The Religion of No Religion

A short commentary on John Vervaeke’s Awakening from The Meaning Crisis (Episodes 37, 38, and 39)

Andrew Sweeny
Jan 21 · 7 min read
https://youtu.be/440NV0eer00

Bringing on the plague

Religion was once universal and unquestioned. It was the way human beings gathered around the perennial fire, voicing their sufferings and ecstasies, orienting themselves toward virtue, meaning, and transcendence. However, in the postmodern West, and since the Enlightenment and the Cartesian revolution, it is no longer at the centre of most people’s lives.

This has had both creative and disastrous consequences. We have killed God, Nietzsche told us—or destroyed the principle foundations of Western metaphysics—and we will never wash the blood from our hands. And yet at the same time, we are now free of the ‘iron age hierarchies’, and seemingly arbitrary religious law. But what will replace the axial age and the ‘two world mythologies’ that have dominated the past 2500 years? And how to fill this void between secularism and religion? These are the essential questions of John Vervaeke’s Awakening from The Meaning Crisis.

Nietzsche’s answer to the meaning crisis was the the ‘overman’, a kind of anti-Christ sage who creates his own values and turns his back on the mob. For Karl Marx, on the other hand, the salvation of humankind lay in the emancipation of the worker from the machine of capitalist exploitation. And finally—to complete our trinity of modern thinkers—Sigmund Freud believed that the unearthing of sexual taboos in the unconsciousness through dreams analysis would liberate us from ‘’’the black tide of mud of occultism’.

After the twentieth century, however, it appears that all of these visions have all failed spectacularly—even if their influence permeates every aspect of our thinking. Nietzsche’s aristocratic overman has no answer for society as a whole, Marx’s classless utopia seems like a hopeless project as the gap between the rich and the poor grows, and Freud’s psychoanalysis has never successfully replaced religion. Still, Nietzsche, Marx, and Freud have given the world dangerous dynamite.

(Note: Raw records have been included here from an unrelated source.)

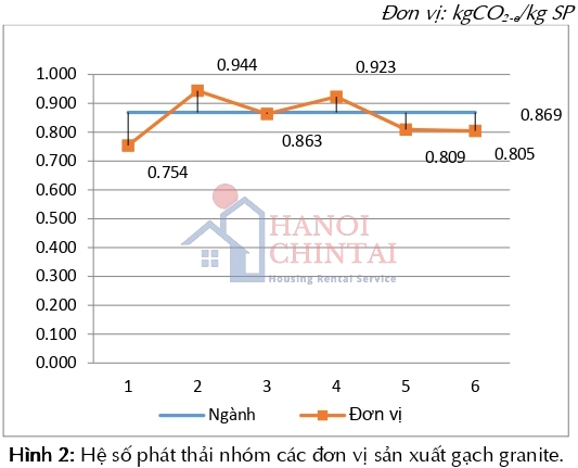 Gạch granite: Hệ số phát thải trung bình cho nhóm các đơn vị sản xuất gạch ốp lát granite là 0,869 kgCO₂-e/kg SP. Trong đó, giá trị hệ số phát thải thấp nhất là 0,754 kgCO₂-e/kg SP và cao nhất là 0,944 kgCO₂-e/kg SP như được thể hiện trong Hình 2.
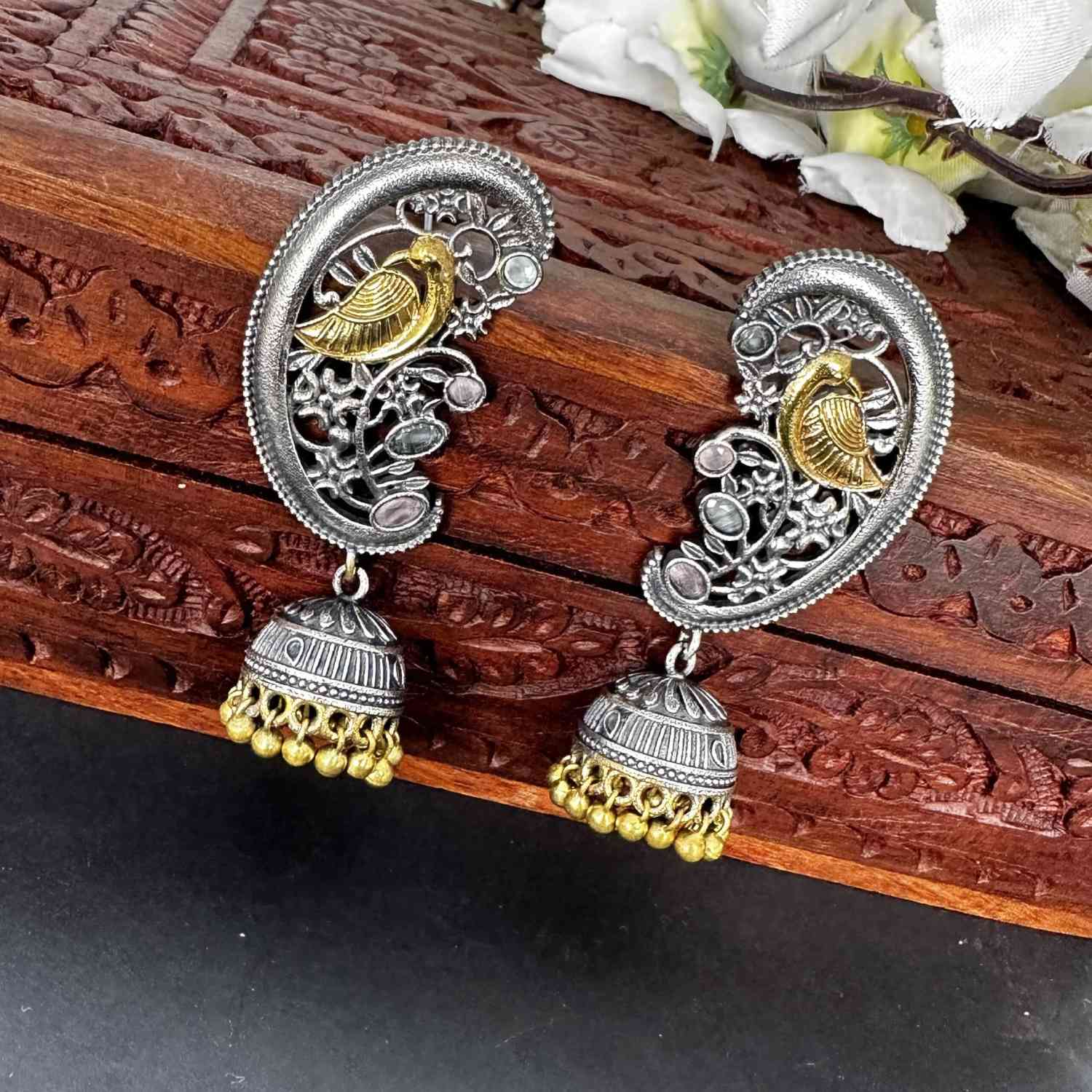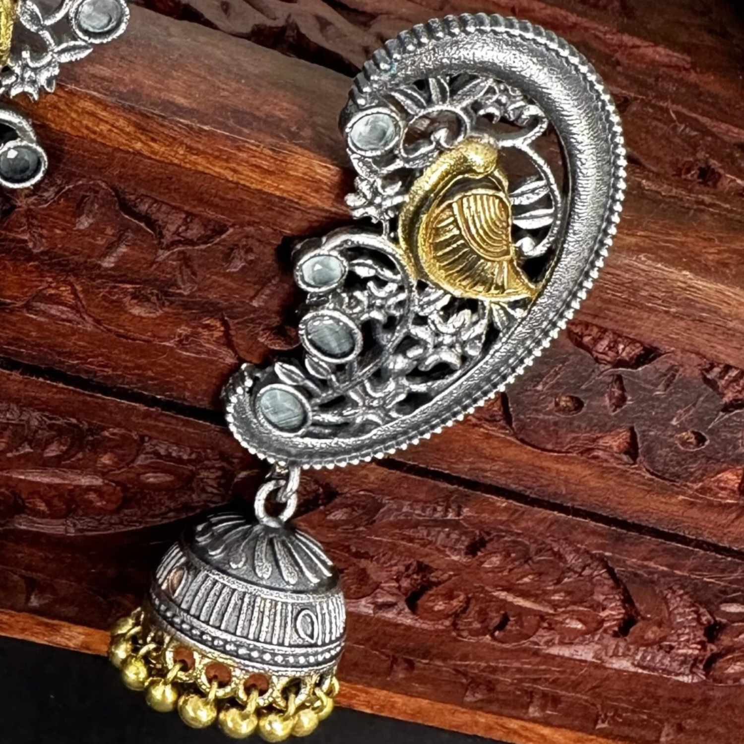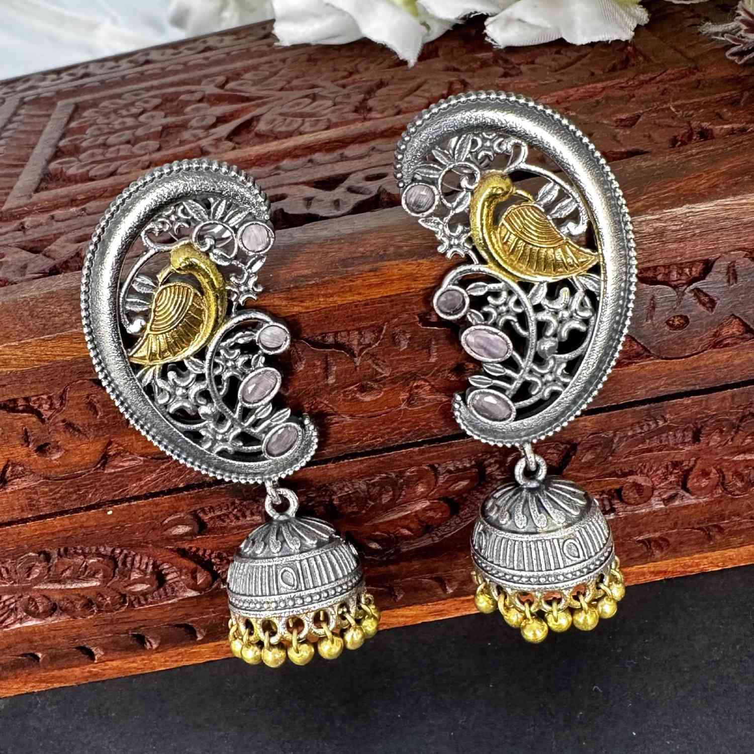 The peacock oxidised jhumka earring is a must-have in your collection, boasting a beautiful silver polish and intricate handwork. These earrings stand out, making a bold statement and providing the perfect finishing touch to any outfit. Elevate your style with this unique piece that effortlessly combines elegance and charm for a stunning look.
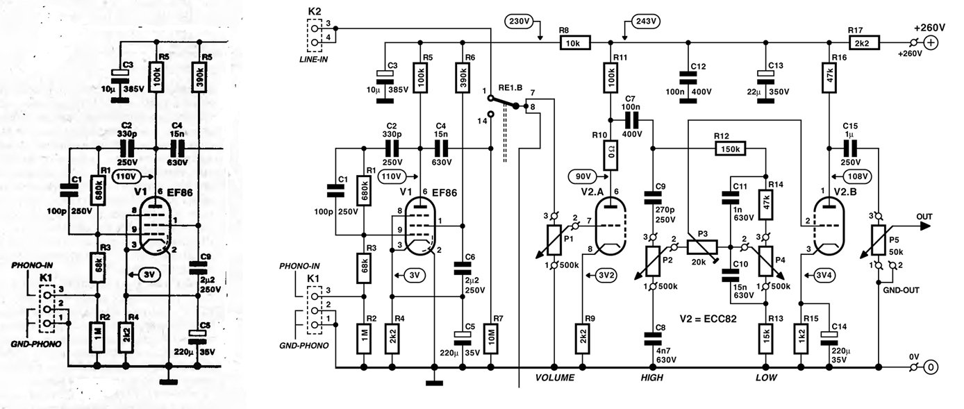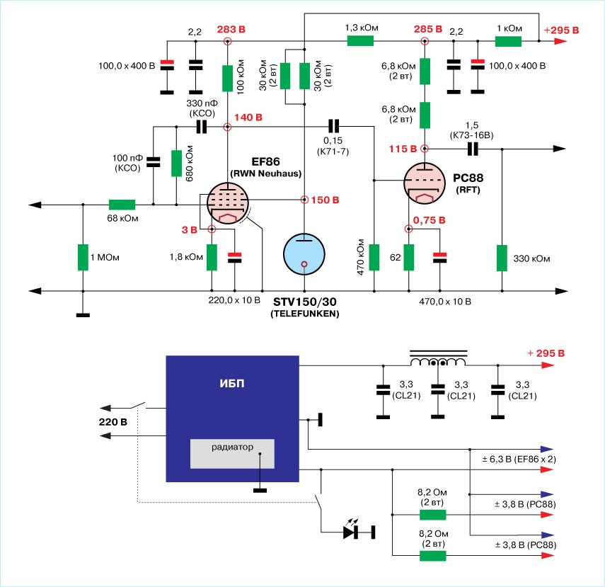 1) напряжение накала ламп PC88 – 3,8 вольта, поэтому накалы включены через гасящие резисторы (существует версия таких ламп EC88 с накалом 6,3 вольта, но у меня их нет)
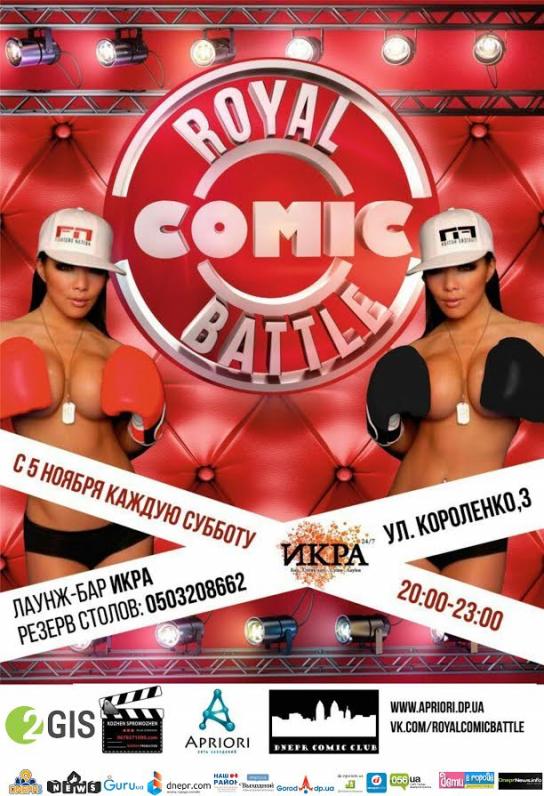 Друзья! Dnepr Comic Club совместно с Киностудией KozhenSpromozhen Film Company объявляют о проведении Первого всеукраинского чемпионата юмора Без цензуры Royal Comic Battle, призовой фонд которого составляет 40 000 грн.
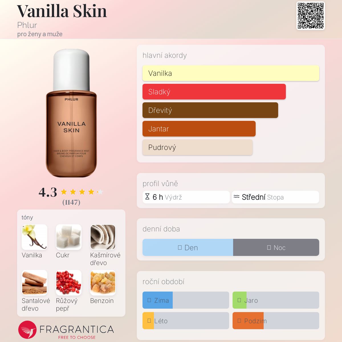 Vanilla Skin podle Phlur je Orientální Vanilla vůně pro ženy a muže. Toto je nová vůně. Vanilla Skin byl/a uveden/a v roce 2023. "Nosem" za touto vůní je Clement Gavarry. Vrchní tóny jsou Cukr, Růžový pepř a Červené jablko; střední tóny jsouKašmírové dřevo, Jasmín a Lilie ; základní tóny jsou Vanilka, Santalové dřevo, Benzoin a Agarové dřevo (oud).
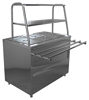 Мармит Пищевые Технологии Лира-Профи Эко МЭП-2Б-П/ЛПЭ-1500 предназначен для кратковременного сохранения в горячем состоянии вторых блюд, соусов и гарниров в составе линий раздач или самостоятельно на предприятиях общественного питания и торговли. Модель оснащена 2 полками, направляющими для подносов и регулируемыми по высоте ножками. Корпус выполнен из нержавеющей стали, отдельные элементы - из окрашенной оцинкованной стали.

As Freud himself said to Carl Jung on their first voyage to America: ‘They do not realise that we are bringing them the plague.’ Truer words were never spoken.

The bastardisation of Freud’s psychoanalysis into modern psychobabble, Nietzsche’s philosophy perverted into fascism, and bloodthirsty Marxists—Leninists, eager to accelerate history, created relentless ‘pseudo religious ideologies’ that almost ‘drowned the world in blood’. The failure of religion, capitalism, psychoanalysis, socialism, romanticism, empiricism and all the rest of the isms brought us to the post-modern view which eschews all grand narratives. We now live in the postmodern ‘no man’s land’ where we continue to deconstruct ad nauseam the illusions of religion, capitalism, and sex. And while deconstruction has its importance, it ultimately fails, for the obvious reason that at some point a new constructive vision must emerge.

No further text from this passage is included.